Wednesday, January 11, 2012

Tales from the One Percent

If you or I broke the finger of some waitperson at a local restaurant we'd be trying to make bail on criminal assault charges. But John Castle is a rich bastard, one of those leveraged buyout vampires who grow wealthy sucking the life out of other people's hard work.

It's not like the waiter poured hot coffee on Castle's head, something that might justify a brief spasm of rage. No, no, no. Castle was pissed because the waiter presented him with a bill. Faced with a gentle request to pay for the food he had eaten, Castle allegedly grabbed the waiter's arm and twisted it violently. (I'm assuming the twisting was violent because finger bones don't crack easily.)

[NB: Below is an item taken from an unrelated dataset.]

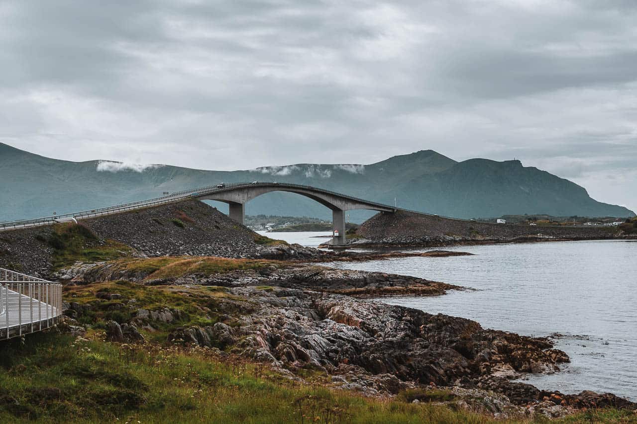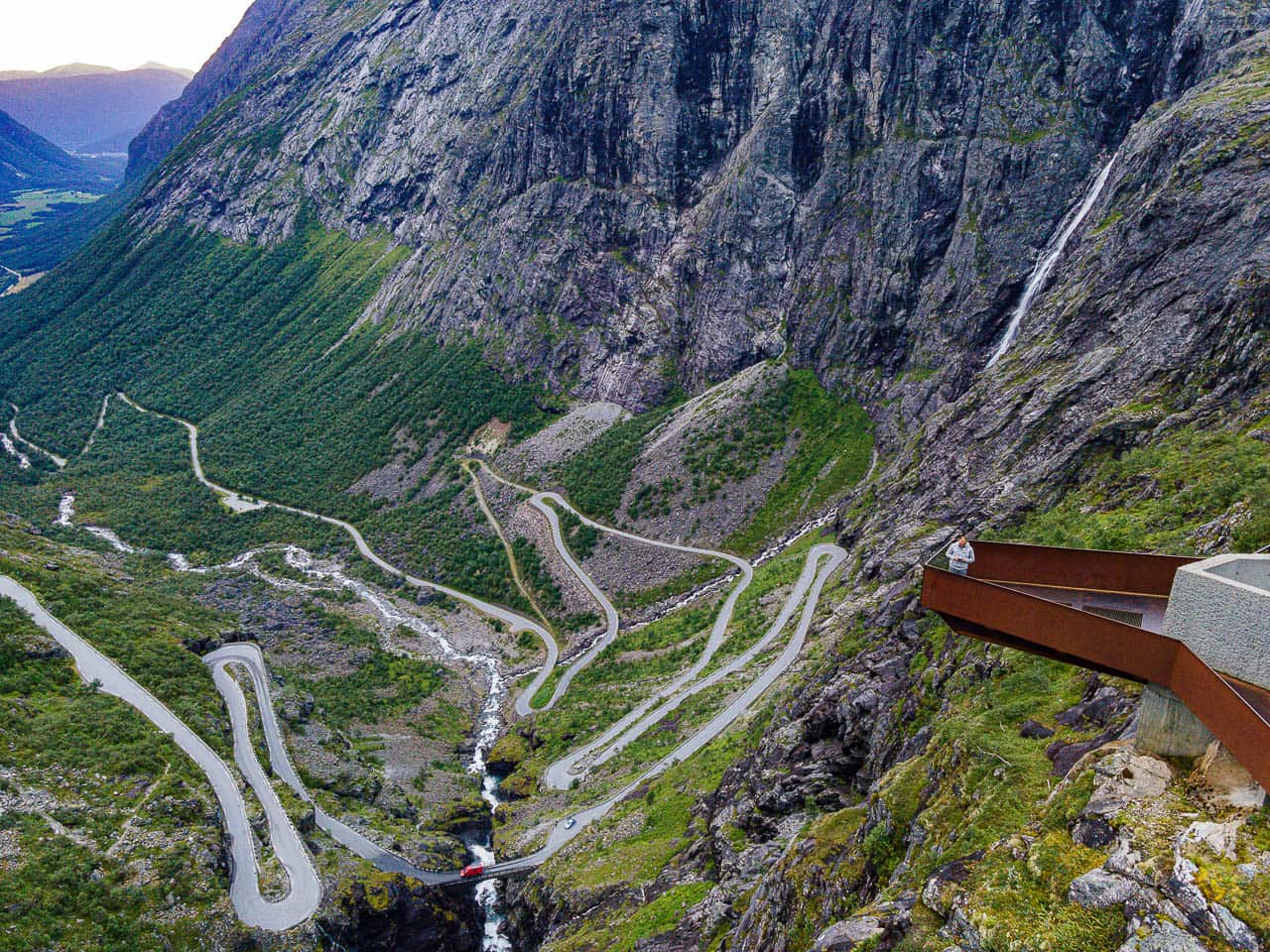 Anders der Trollstiegen. Schon auf der Anfahrt…gewaltige Berge und Ausblicke auf diesen Anstieg. Die Bergstrasse ist einspurig und zieht sich über elf Haarnadelkurven hoch zur Passhöhe. Links und rechts Wasserfälle. Genau das Richtige für mich. Hier und da Ausweichbuchten und als ein Reisebus entgegen kommt ist es auch schon „eng“. Die Aussichtsplattform bietet einen fantastischen Ausblick über das Romsdalen.

Palm Beach police are "investigating" (cop speak for "trying not to piss off the rich dude again").  The waiter has had to hire a lawyer, he will probably get fired and black listed from every swank eatery in south Florida. Such is life in the aristocratic United States.

1 comment:

Unknown said...

The fact is, when a rich and/or powerful person drives drunk or punches a bell boy or gets caught with cocaine, it's not as bad as when you or I do it.

I mean, the rich guy must know what's best, because he's rich. If the rich do it, it creates jobs, remember?

Its like the traditional difference n sentencing guidelines between cocaine and crack.